The increase in total blood volume along with the increase in cardiac output means that the heart can pump more oxygen and nutrients to the skeletal muscle, as well as more carbon dioxide away from working skeletal muscle.

The maximal cardiac output in trained individuals is higher than in untrained individuals because of the larger stroke volume. This means more blood is being pumped to the muscles and more oxygenated blood is delivered to the active tissues, permitting a greater reliance on oxidative ATP resynthesis.

Question 6

Training Effects: Oxygen Consumption

Answer 6

Proper and effective cardiovascular training also improves the body’s oxygen consumption.

As exercise intensity increases, so does the demand for oxygen and the creation of carbon dioxide.

Cardiovascular training improves an athlete’s ability to transport oxygen and to use it as well.

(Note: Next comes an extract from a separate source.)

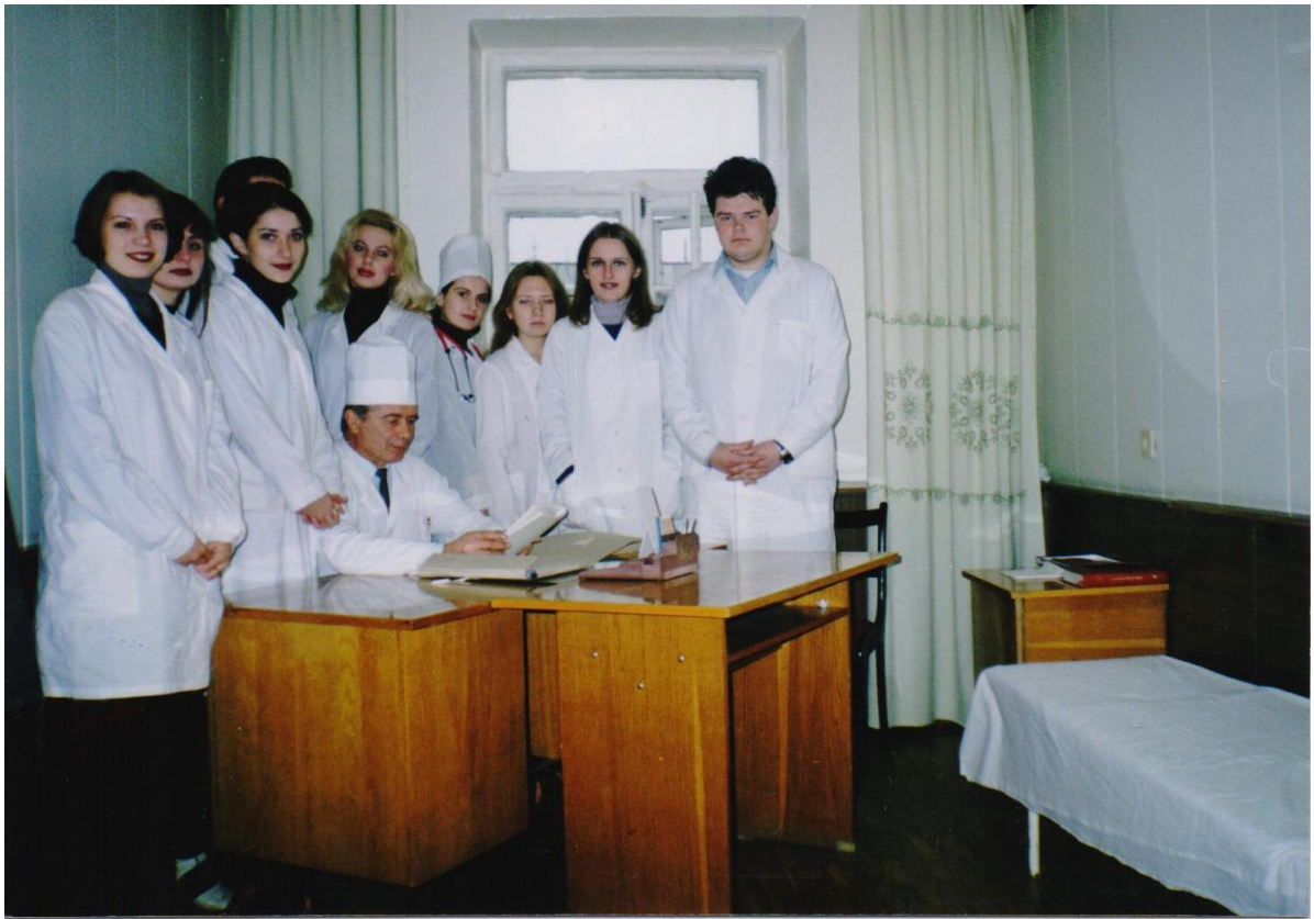
Занятия со студентами IV курса педиатрического факультета (2001)

The more oxygen the athlete can consume, the more energy they are capable of producing.

Question 7

Measuring Cardiovascular Fitness:

VO2 Max

Answer 7

VO2max is the maximal rate of oxygen consumption that can be achieved during physical exertion. It is one factor that can determine an athlete’s capacity to perform sustained exercise and is linked to aerobic endurance.

VO2max is determined via a graded exercise test, usually in a lab, in which exercise intensity is gradually increased while oxygen consumption is being measured.

When oxygen consumption remains steady, despite an increase in workload, an athlete has reached his or her VO2max

Question 8

Measuring Cardiovascular Fitness: Lactate Threshold

Answer 8

The blood lactate levels in response to exercise have been used as a performance indicator.

Energy demand is a function of exercise intensity and is met by the oxidation of fat and carbohydrates.

If the demand for energy increases, then a greater portion of ATP resynthesis shifts from the aerobic to anaerobic metabolic pathways and lactate begins to accumulate in the blood.

The point at which lactate production outmatches its clearance is known as the lactate threshold.

The lactate threshold (LT) is determined most accurately via a blood test, but can also be determined via field tests.

Question 9

Summary

Answer 9

• The cardiorespiratory system provides the body with oxygen and nutrients required to perform work, and removes waste products, like carbon dioxide, from the body. It also regulates body temperature and maintains fluid balance.
• Cardiovascular training effects include: decreased Resting Heart Rate (RHR), decreased resting blood pressure, lower heart rate at submaximal exercise intensities, increased plasma volume, increased total blood volume, increased cardiac output, improved oxygen consumption, a shift in fuel utilization to spare glycogen, change in blood composition, increased motor neuron recruitment and improved temperature regulation.
• The ability to transport oxygen efficiently contributes to optimal performance for the endurance athlete. The more oxygen the athlete can consume, the more energy they are capable of producing.
• Measures of cardiovascular fitness include VO2max (the highest rate of oxygen transport and use that can be achieved at maximal physical exertion) and lactate threshold (the intensity beyond which any further contributions to total energy supply comes from oxygen-independent sources).